Task to carry out: Set down again exactly the lines of the listing below that fall between the line holding "Hikenture Extra Thick" and the line holding "where , , and", inclusive.

Provided material:
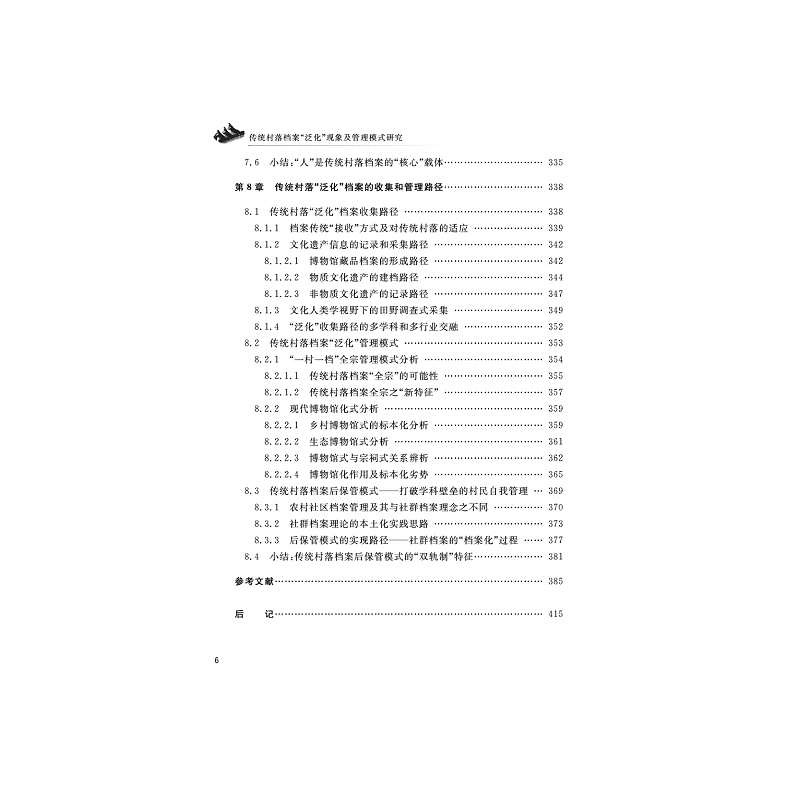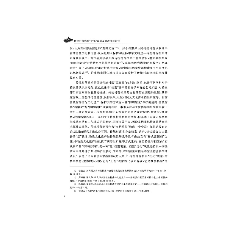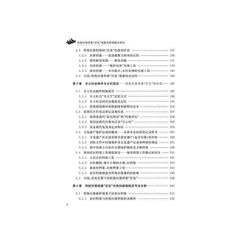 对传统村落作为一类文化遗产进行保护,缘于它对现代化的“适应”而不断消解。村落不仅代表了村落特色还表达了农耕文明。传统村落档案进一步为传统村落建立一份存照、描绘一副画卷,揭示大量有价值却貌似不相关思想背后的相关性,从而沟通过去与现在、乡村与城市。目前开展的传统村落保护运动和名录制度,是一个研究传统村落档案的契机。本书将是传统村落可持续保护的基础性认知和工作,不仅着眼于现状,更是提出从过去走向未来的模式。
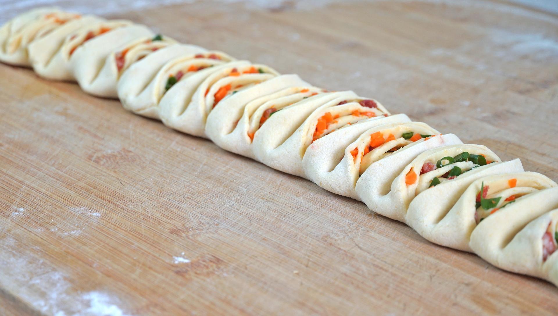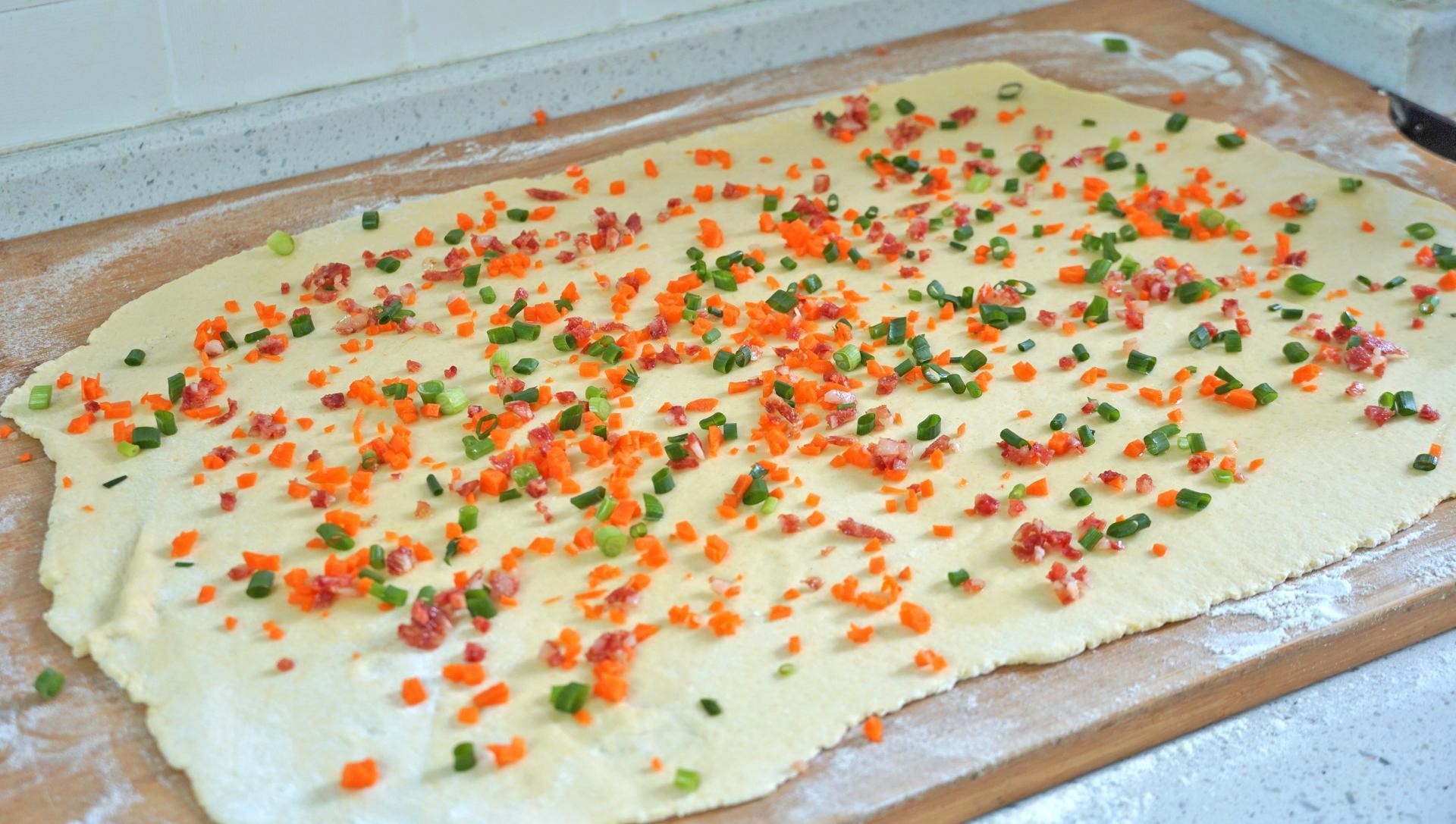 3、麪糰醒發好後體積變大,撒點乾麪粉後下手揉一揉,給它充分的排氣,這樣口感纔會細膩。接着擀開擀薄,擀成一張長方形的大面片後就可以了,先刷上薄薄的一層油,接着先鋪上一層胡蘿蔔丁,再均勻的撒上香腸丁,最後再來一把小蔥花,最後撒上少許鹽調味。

* * *

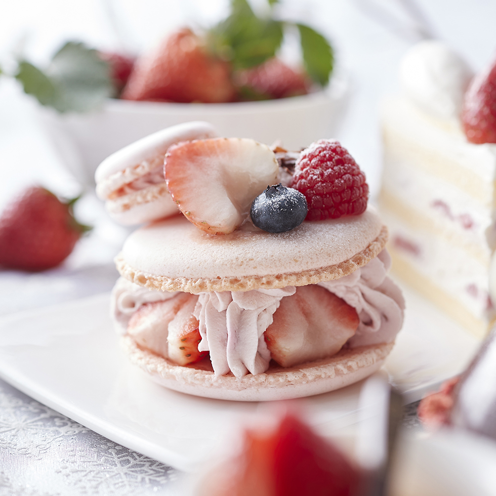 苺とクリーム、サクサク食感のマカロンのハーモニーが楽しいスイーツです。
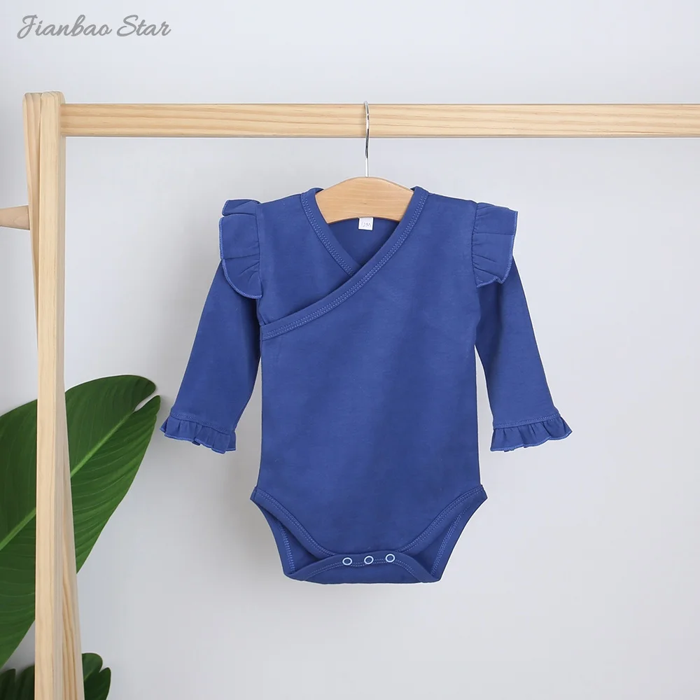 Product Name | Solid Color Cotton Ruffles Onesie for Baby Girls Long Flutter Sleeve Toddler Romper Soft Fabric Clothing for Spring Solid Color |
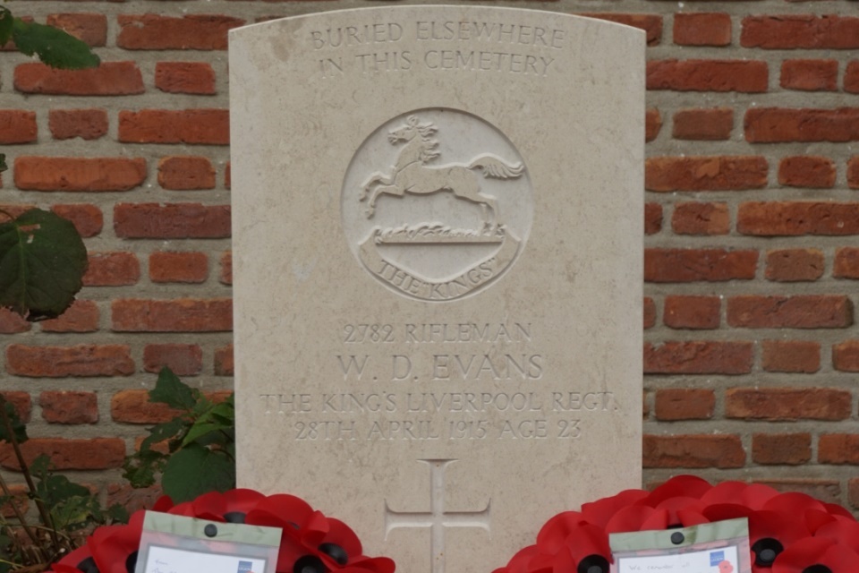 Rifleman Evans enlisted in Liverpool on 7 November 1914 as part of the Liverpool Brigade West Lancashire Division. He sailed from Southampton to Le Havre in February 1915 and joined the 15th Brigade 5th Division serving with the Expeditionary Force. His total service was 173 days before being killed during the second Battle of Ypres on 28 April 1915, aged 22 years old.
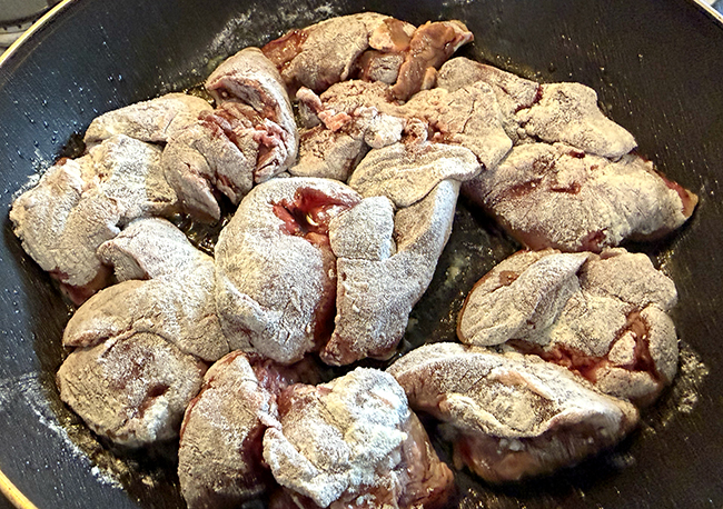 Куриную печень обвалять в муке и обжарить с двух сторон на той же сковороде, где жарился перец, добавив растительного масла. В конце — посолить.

---

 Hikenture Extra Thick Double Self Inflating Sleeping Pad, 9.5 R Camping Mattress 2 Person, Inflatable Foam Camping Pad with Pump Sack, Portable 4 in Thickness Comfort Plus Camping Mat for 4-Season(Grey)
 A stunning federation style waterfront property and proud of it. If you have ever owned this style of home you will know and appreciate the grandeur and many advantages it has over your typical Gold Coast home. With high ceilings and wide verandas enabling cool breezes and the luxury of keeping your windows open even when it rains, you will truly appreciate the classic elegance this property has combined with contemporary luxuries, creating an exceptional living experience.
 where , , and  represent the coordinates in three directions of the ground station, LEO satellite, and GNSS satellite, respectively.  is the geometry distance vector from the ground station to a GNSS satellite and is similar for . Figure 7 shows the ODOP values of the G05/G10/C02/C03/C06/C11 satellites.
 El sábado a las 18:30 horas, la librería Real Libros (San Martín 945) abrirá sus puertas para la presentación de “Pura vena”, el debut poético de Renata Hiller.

Exercise answer:
 Hikenture Extra Thick Double Self Inflating Sleeping Pad, 9.5 R Camping Mattress 2 Person, Inflatable Foam Camping Pad with Pump Sack, Portable 4 in Thickness Comfort Plus Camping Mat for 4-Season(Grey)
 A stunning federation style waterfront property and proud of it. If you have ever owned this style of home you will know and appreciate the grandeur and many advantages it has over your typical Gold Coast home. With high ceilings and wide verandas enabling cool breezes and the luxury of keeping your windows open even when it rains, you will truly appreciate the classic elegance this property has combined with contemporary luxuries, creating an exceptional living experience.
 where , , and  represent the coordinates in three directions of the ground station, LEO satellite, and GNSS satellite, respectively.  is the geometry distance vector from the ground station to a GNSS satellite and is similar for . Figure 7 shows the ODOP values of the G05/G10/C02/C03/C06/C11 satellites.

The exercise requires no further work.